WORK REQUEST:
It is required that the lines from the top of the listing through the line with "- 5 POWERFUL" be reproduced exactly, excluding pictures.
[INPUT DATA — start]
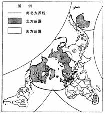 (2)图中南方与北方的界线大致是 。中国处在 范围内, 、 、 等国家空间位置上处于南半球,而经济上却属于 方国家。
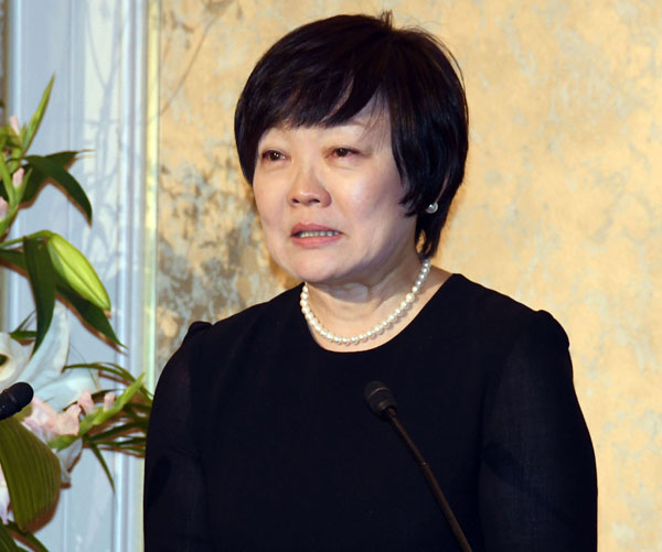 安倍晋三元総理の志を継承する集いで泣きながら挨拶する安倍昭恵夫人(C)日刊ゲンダイ
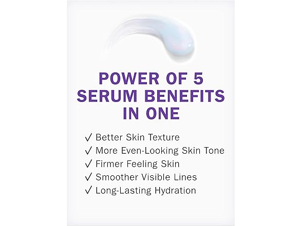 - 5 POWERFUL BENEFITS IN 1 SUPER SERUM: This clinically tested and proven facial serum delivers hydrating, smoothing, firming, brightening, & improved texture benefits for healthy looking skin day 1.
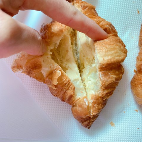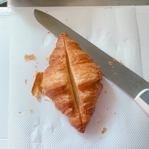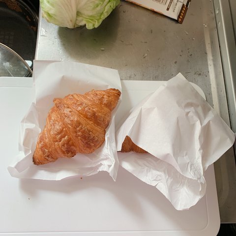 친구가 아침에 빵집에서 갓 구워 낸 크로와상을 사다 주었다.
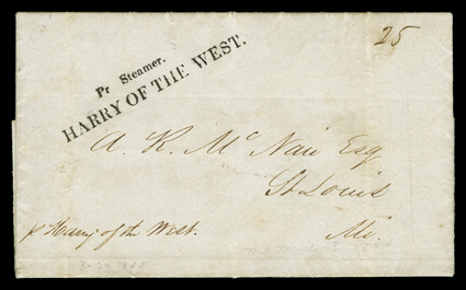 Louis, endorsed pr Harry of the West at lower left and manuscriptPr Steamer/HARRY OF THE WEST, fantastic strike of this two-line straightline handstamp on March 23, 1844 folded letter with integral address leaf datelined at New Orleans to St. Louis, endorsed "pr Harry of the West" at lower left and manuscript "25" rate, light file fold just touches the marking, still extremely fine and choice; fewer than four reported examples.Harry of the West was a side-wheeler of 490 tons built in 1843, but there is no information as to where she was built or her final disposition. (Image) Est. $1,000-1,500
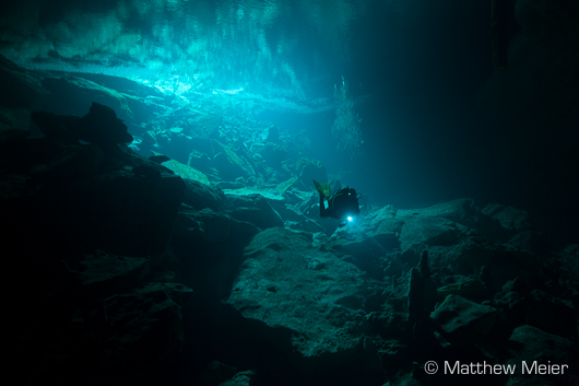 Scuba diver in the main cavern of Ben’s Cave.
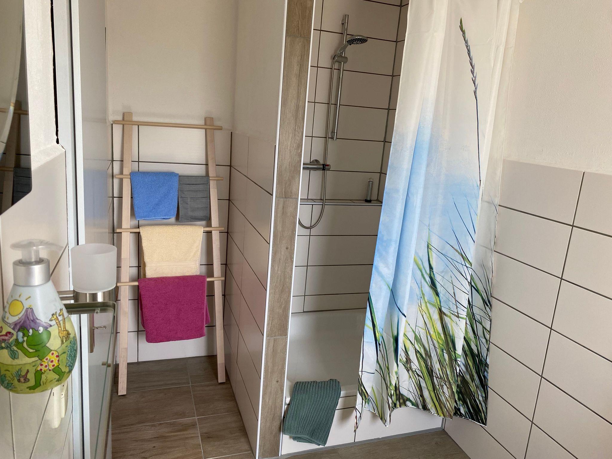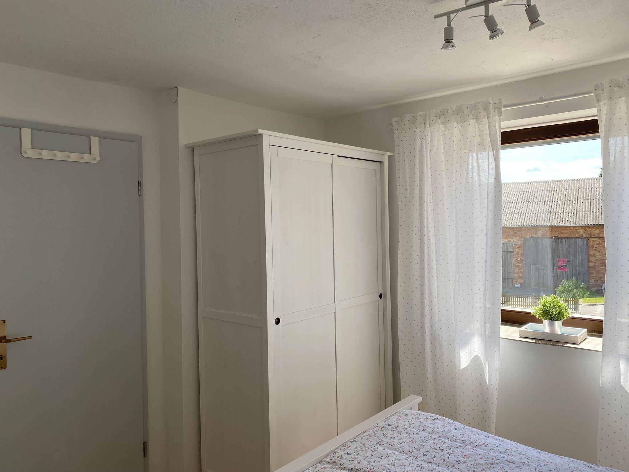 Unsere Ferienwohnung verfügt über ein Schlafzimmer mit Doppelbett, im Wohnzimmer ist ein umfunktionierbares Schlafsofa für zwei Personen vorhanden. Auf Wunsch kann auch ein Kinderbett (1,50 m x 1,00 m) zur Verfügung gestellt werden. An das Wohnzimmer grenzt ein großer Balkon mit Sitzgarnitur und schönem Gartenblick.
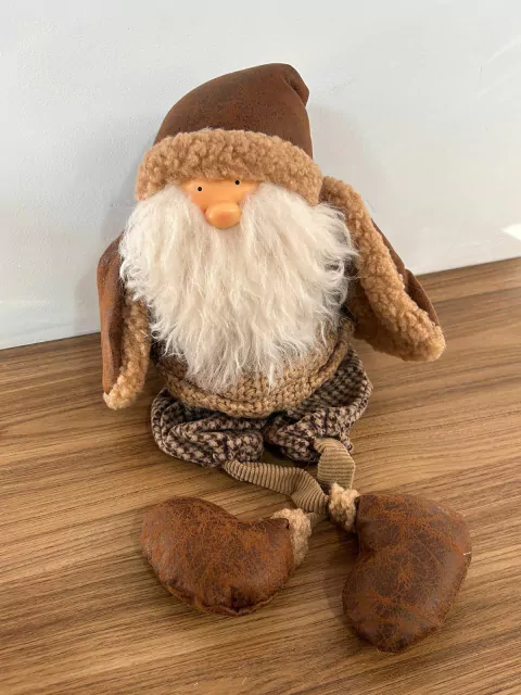 Papai noel sentado com roupa de tricô e casaco e gorro de couro, com pernas moles, com 26cm sem contar as perninhas e 64cm de altura no total.
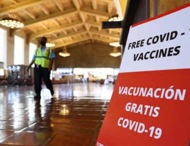 A sign advertises a free vaccination site set up inside Union Station in an effort to target commuters, on June 10, 2021 in Los Angeles, California. Indian American U.S. Representatives Raja Krishnamoorthi and Pramila Jayapal were among lawmakers introducing the
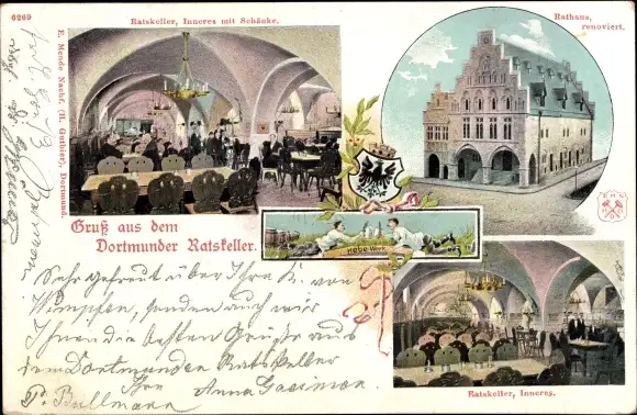 Ak Dortmund im Ruhrgebiet, Ratskeller, Inneres mit Schänke, Rathaus
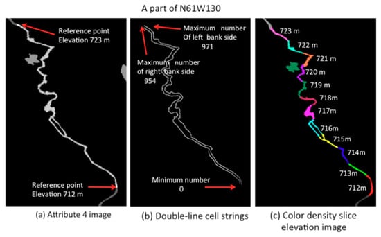 Figure 9c shows the final color density slice image of the newly defined stepwise river segments.
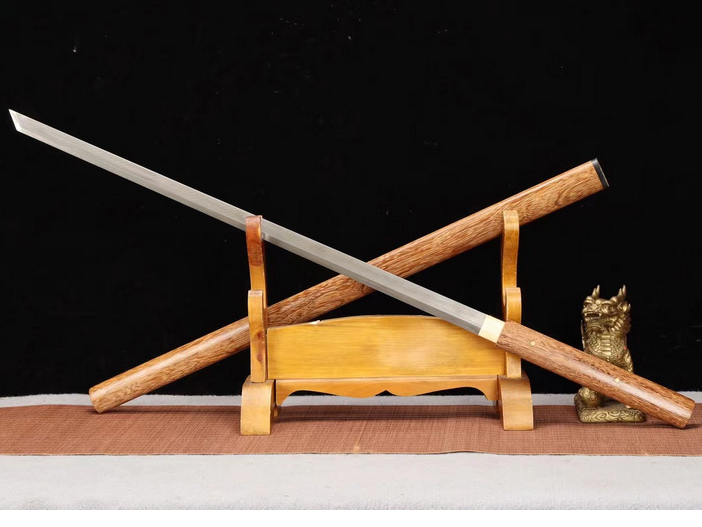 商品参数 总长:101cm 刃长:72cm 柄长:26cm 刃宽:3.2cm 刃厚:0.7cm 硬度:60HRC 刃材:大马士革钢 鞘材:花梨木 柄材:花梨木 锻打程度:十四道纯手工研磨 重量:1.35kg
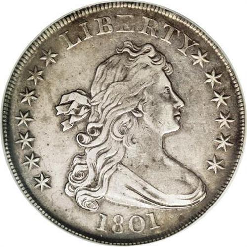 <B>1801 $1 --Cleaned--ANACS. XF45 Details.</B></I> B-2, BB-212, R.3. Lightly cleaned some time ago, and now with medium gray fields, lighter devices, and darker steel toning near the obverse and reverse borders. Although there are no rare varieties of 1801, the date is considered scarcer than its neighbors.<BR><I>From The John Stimson, Sr. Collection, Part Two.</B></I><BR><BR><B>Coin Engraver:</B> Robert Scot<BR><BR><b>Shipping:</b> Coins & Currency (<a target="_blank" href="http://www.heritageauctions.com/common/shipping.php">view shipping information</a>)
[INPUT DATA — finish]
RESPONSE AREA:
 (2)图中南方与北方的界线大致是 。中国处在 范围内, 、 、 等国家空间位置上处于南半球,而经济上却属于 方国家。
 安倍晋三元総理の志を継承する集いで泣きながら挨拶する安倍昭恵夫人(C)日刊ゲンダイ
 - 5 POWERFUL BENEFITS IN 1 SUPER SERUM: This clinically tested and proven facial serum delivers hydrating, smoothing, firming, brightening, & improved texture benefits for healthy looking skin day 1.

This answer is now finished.